■ Exercise aim: For the material below, reproduce exactly each line from the one that has "200 colonnes, Fernand Pouillon" through the one that has "În pol. da represiuilor", and no others; pictures stay out.
-- Opening Marker --
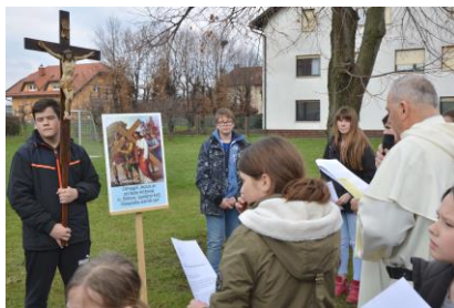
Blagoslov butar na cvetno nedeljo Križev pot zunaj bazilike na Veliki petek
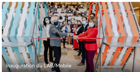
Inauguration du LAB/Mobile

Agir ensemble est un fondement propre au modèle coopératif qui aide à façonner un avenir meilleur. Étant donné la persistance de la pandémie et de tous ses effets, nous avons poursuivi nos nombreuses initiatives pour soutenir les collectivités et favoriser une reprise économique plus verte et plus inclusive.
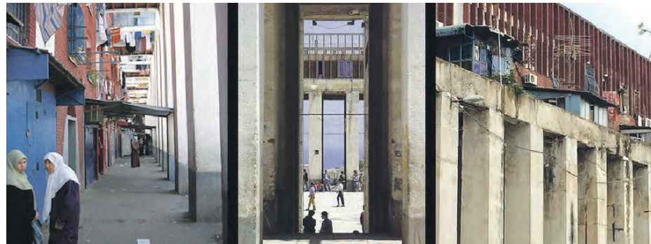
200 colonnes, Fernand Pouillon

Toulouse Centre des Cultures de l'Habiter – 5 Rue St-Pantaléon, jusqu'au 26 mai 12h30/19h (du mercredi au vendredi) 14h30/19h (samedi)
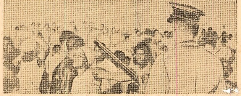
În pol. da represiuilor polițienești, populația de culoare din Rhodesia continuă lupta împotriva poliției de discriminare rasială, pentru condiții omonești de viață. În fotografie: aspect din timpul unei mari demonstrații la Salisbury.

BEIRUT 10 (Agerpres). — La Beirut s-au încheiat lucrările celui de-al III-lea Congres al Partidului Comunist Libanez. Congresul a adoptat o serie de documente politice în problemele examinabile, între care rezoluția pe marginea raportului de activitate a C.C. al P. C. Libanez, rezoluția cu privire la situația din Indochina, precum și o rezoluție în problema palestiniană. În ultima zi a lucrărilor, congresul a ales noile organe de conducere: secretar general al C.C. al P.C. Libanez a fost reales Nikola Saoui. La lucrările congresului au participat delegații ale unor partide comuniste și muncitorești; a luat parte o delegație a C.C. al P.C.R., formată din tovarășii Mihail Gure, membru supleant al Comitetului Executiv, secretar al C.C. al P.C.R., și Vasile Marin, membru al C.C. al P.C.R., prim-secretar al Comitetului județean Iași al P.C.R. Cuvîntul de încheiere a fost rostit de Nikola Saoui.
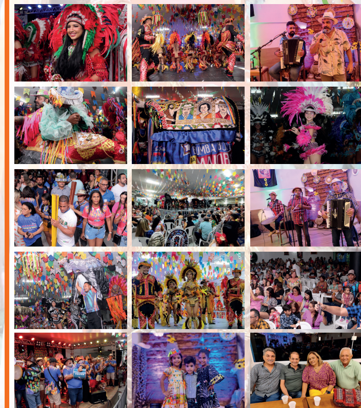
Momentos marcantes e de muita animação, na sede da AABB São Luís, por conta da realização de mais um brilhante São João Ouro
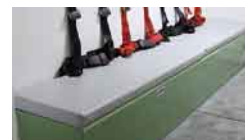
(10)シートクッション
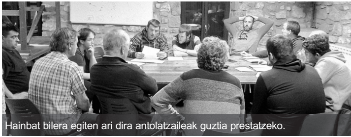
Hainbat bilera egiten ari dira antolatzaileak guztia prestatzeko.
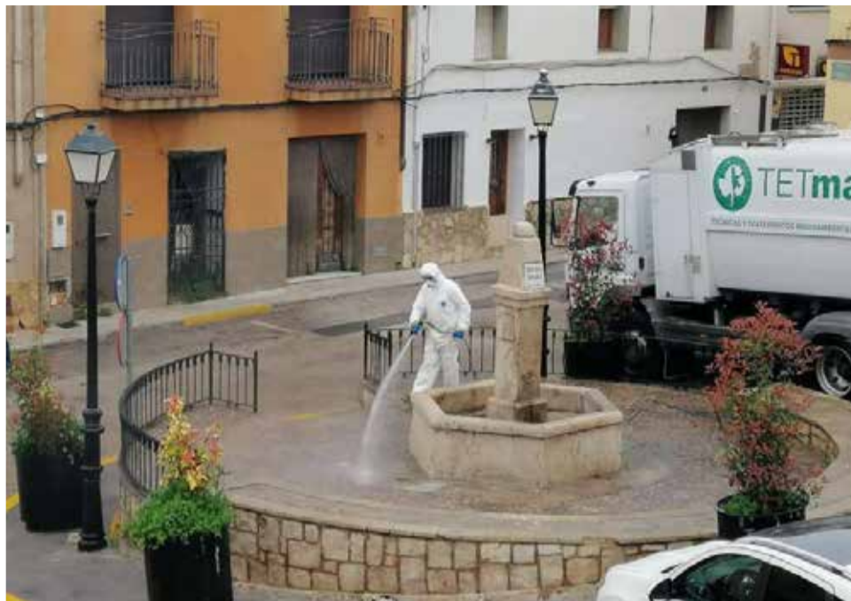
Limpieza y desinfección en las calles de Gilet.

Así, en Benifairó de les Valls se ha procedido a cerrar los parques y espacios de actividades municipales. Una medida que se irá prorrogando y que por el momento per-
-- Closing Marker --
■ Problem solution:
200 colonnes, Fernand Pouillon

Toulouse Centre des Cultures de l'Habiter – 5 Rue St-Pantaléon, jusqu'au 26 mai 12h30/19h (du mercredi au vendredi) 14h30/19h (samedi)
În pol. da represiuilor polițienești, populația de culoare din Rhodesia continuă lupta împotriva poliției de discriminare rasială, pentru condiții omonești de viață. În fotografie: aspect din timpul unei mari demonstrații la Salisbury.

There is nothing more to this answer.